Seeing clearer and deeper in living tissue with Optical Tomography
MILabs 2D/3D optical imaging technology is gaining wide acceptance because of its superior performance and versatility for non-invasive monitoring and quantitation of bioluminescent and fluorescent reporters in living animals. Up to ten mice can be imaged simultaneously in 2D mode, but it’s the 3D optical tomography mode that entices many researchers using optical probes. By using CT-guided optical acquisitions to correct for the dissimilar light scattering and absorption in heterogeneous animal tissues, MILabs offers the only optical imager that is able to quantitate correctly the whole-body biodistributions of optical probes in-vivo.
Radiotherapy imaging: the straightway to the patient
The MILabs systems are capable to perform sub-mm resolution, high-energy and ultra-sensitive SPECT for many ⍺ and ß emitters used for radionuclide therapy. This avoids the need to use surrogate markers for internal dosimetry. Moreover, the high resolution for novel targeted alpha therapy (TAT) applications enables theranostic imaging of a mouse just like in a human. Despite the tiny size of a mouse as compared to a human, it is possible with MILabs systems to obtain in-vivo images of mice with the same intricate detail as can be obtained from scanning humans. The proprietary collimation technology enables imaging sub-mm resolutions up to 1 MeV.

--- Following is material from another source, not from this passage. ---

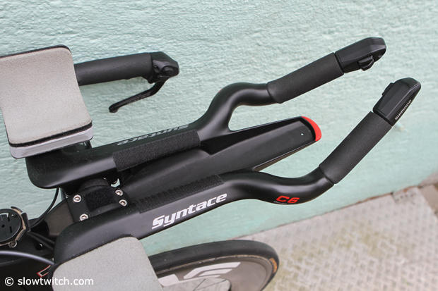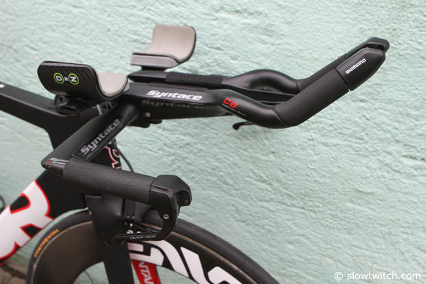 Syntace, once a household name in triathlon, is now a very rare sight. Bracht uses their base bars and the C6 extensions.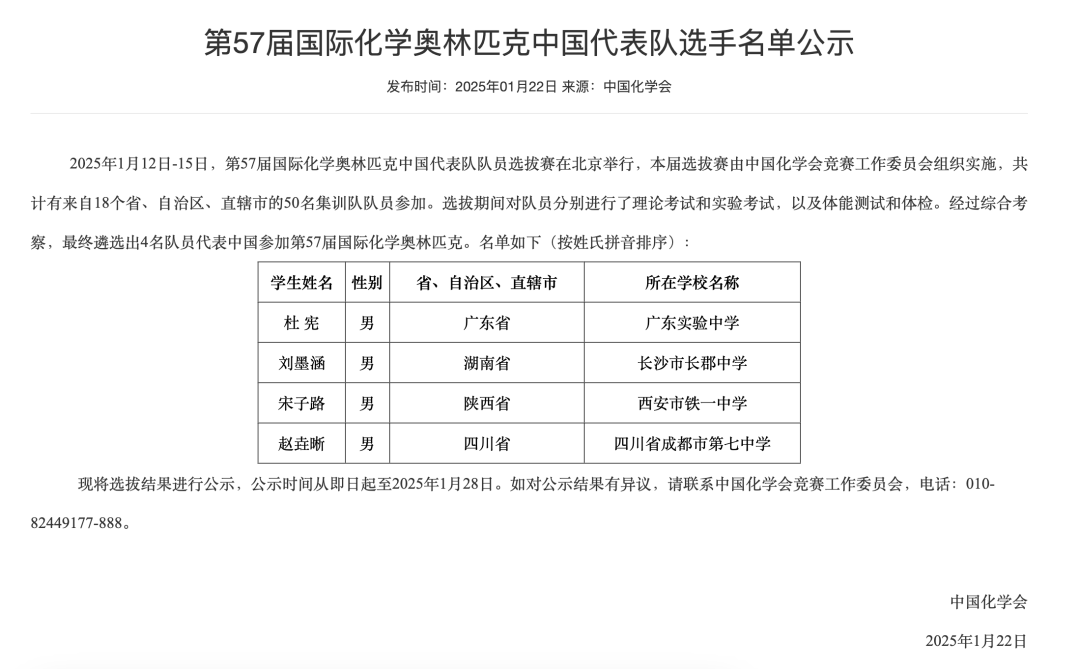 通知显示,2025年1月12日至15日,第57届国际化学奥林匹克中国代表队队员选拔赛在北京举行,本届选拔赛由中国化学会竞赛工作委员会组织实施,共计有来自18个省、自治区、直辖市的50名集训队队员参加。选拔期间,队员分别进行了理论考试和实验考试,以及体能测试和体检。

The One and Only: Molecular imaging integrated with top-level diagnostic CT
Today, MILabs has achieved the long-term vision of higher-order multimodality imaging without compromising the performance of any of the modalities. A case in point is its diagnostic CT system. Through its unique autonomous gantry design, the X-ray CT system achieves exceptional performance in any configuration, whether stand-alone or fully integrated with PET, SPECT, and Optical modalities. It is simply the fastest ultra-high-resolution CT available today with the lowest radiation dose, and the ability for multi-gated acquisitions of single and multiple animals simultaneously. Moreover, it features dynamic acquisitions, dual-energy scanning, and the ability to acquire mouse, rat, guinea pig, ferret, and rabbit images. Plus, CE-CT and DCE-CT acquisitions are possible even with clinical contrast agents.
No matter what upgrade or expansion, the whole is greater than the sum of its parts
All MILabs modalities are expandable, in any combination, and at any time. One can start with the simplest module and add modalities later, in any combination, when the need arises. However, rather than simply adding extra separate modules, each module will work in synergy with those that all already present. Rather than additive, each new module will leverage the capabilities of already present modalities. This synergy between modalities is unique for MILabs multimodality system. You’ll go from 2D to 3D optical images by adding CT, perform 3D autoradiography and ⍺ and ß theranostics by adding SPECT, and with the addition of PET, perform in-vivo histochemistry and within-subject rather than between-subject treatment comparisons. The upside: fewer animals and better statistics.